>>>

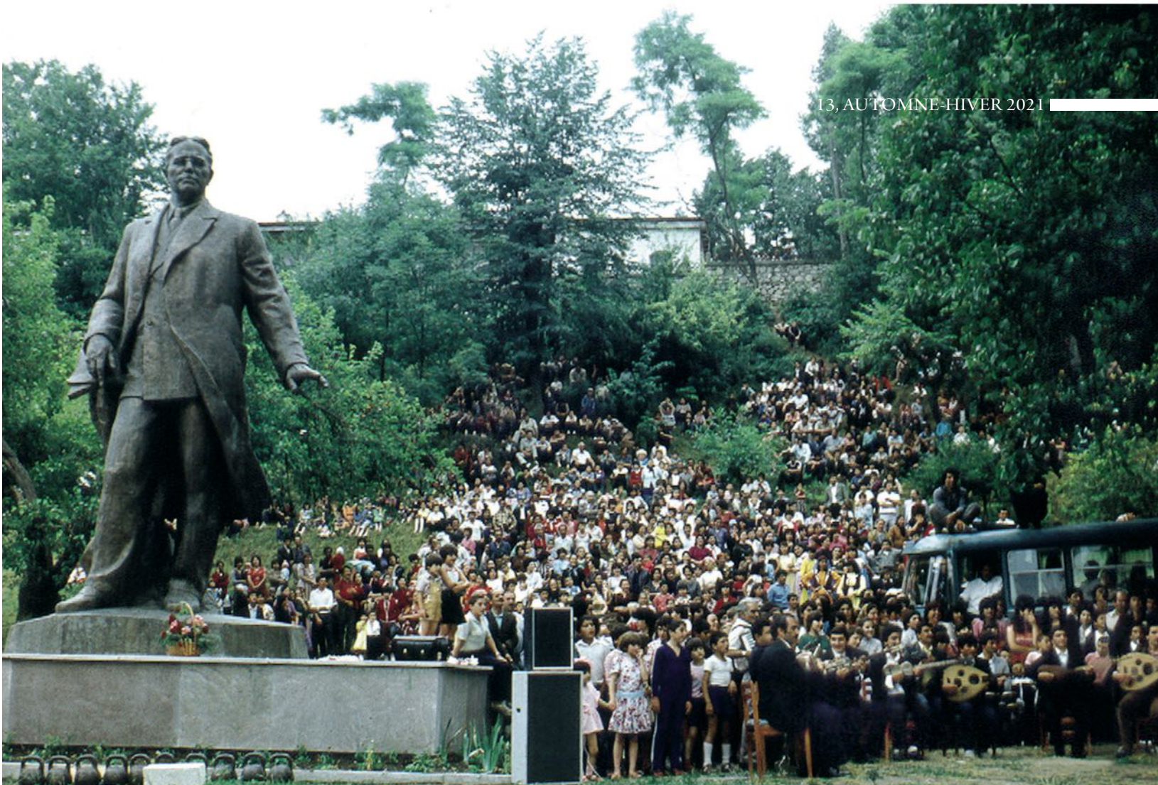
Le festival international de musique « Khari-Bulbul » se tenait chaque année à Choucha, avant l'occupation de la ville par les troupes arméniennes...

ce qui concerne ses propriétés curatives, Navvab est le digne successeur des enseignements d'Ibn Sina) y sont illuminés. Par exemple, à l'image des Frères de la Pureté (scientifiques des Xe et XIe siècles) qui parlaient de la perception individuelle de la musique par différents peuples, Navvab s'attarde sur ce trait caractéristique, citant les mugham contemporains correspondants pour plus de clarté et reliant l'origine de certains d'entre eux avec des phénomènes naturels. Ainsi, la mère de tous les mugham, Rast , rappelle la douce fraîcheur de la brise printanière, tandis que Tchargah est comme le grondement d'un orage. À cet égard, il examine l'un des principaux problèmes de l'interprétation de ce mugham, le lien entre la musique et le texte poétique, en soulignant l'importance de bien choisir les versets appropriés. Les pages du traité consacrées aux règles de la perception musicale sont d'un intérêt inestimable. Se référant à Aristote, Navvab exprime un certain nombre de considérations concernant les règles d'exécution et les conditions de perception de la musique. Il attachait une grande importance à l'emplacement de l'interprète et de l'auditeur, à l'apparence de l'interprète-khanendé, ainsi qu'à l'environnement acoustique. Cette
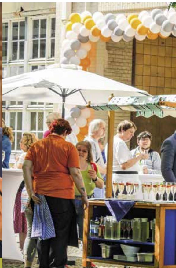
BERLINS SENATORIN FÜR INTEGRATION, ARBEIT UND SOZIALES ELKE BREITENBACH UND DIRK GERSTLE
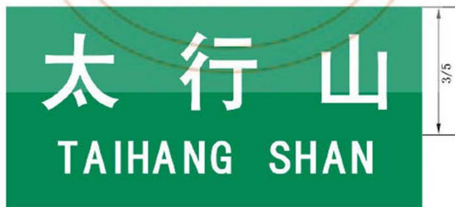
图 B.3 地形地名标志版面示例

<<<

_What you should do_
Output the data exactly, pictures omitted.

_Task response_
Le festival international de musique « Khari-Bulbul » se tenait chaque année à Choucha, avant l'occupation de la ville par les troupes arméniennes...

ce qui concerne ses propriétés curatives, Navvab est le digne successeur des enseignements d'Ibn Sina) y sont illuminés. Par exemple, à l'image des Frères de la Pureté (scientifiques des Xe et XIe siècles) qui parlaient de la perception individuelle de la musique par différents peuples, Navvab s'attarde sur ce trait caractéristique, citant les mugham contemporains correspondants pour plus de clarté et reliant l'origine de certains d'entre eux avec des phénomènes naturels. Ainsi, la mère de tous les mugham, Rast , rappelle la douce fraîcheur de la brise printanière, tandis que Tchargah est comme le grondement d'un orage. À cet égard, il examine l'un des principaux problèmes de l'interprétation de ce mugham, le lien entre la musique et le texte poétique, en soulignant l'importance de bien choisir les versets appropriés. Les pages du traité consacrées aux règles de la perception musicale sont d'un intérêt inestimable. Se référant à Aristote, Navvab exprime un certain nombre de considérations concernant les règles d'exécution et les conditions de perception de la musique. Il attachait une grande importance à l'emplacement de l'interprète et de l'auditeur, à l'apparence de l'interprète-khanendé, ainsi qu'à l'environnement acoustique. Cette
BERLINS SENATORIN FÜR INTEGRATION, ARBEIT UND SOZIALES ELKE BREITENBACH UND DIRK GERSTLE
图 B.3 地形地名标志版面示例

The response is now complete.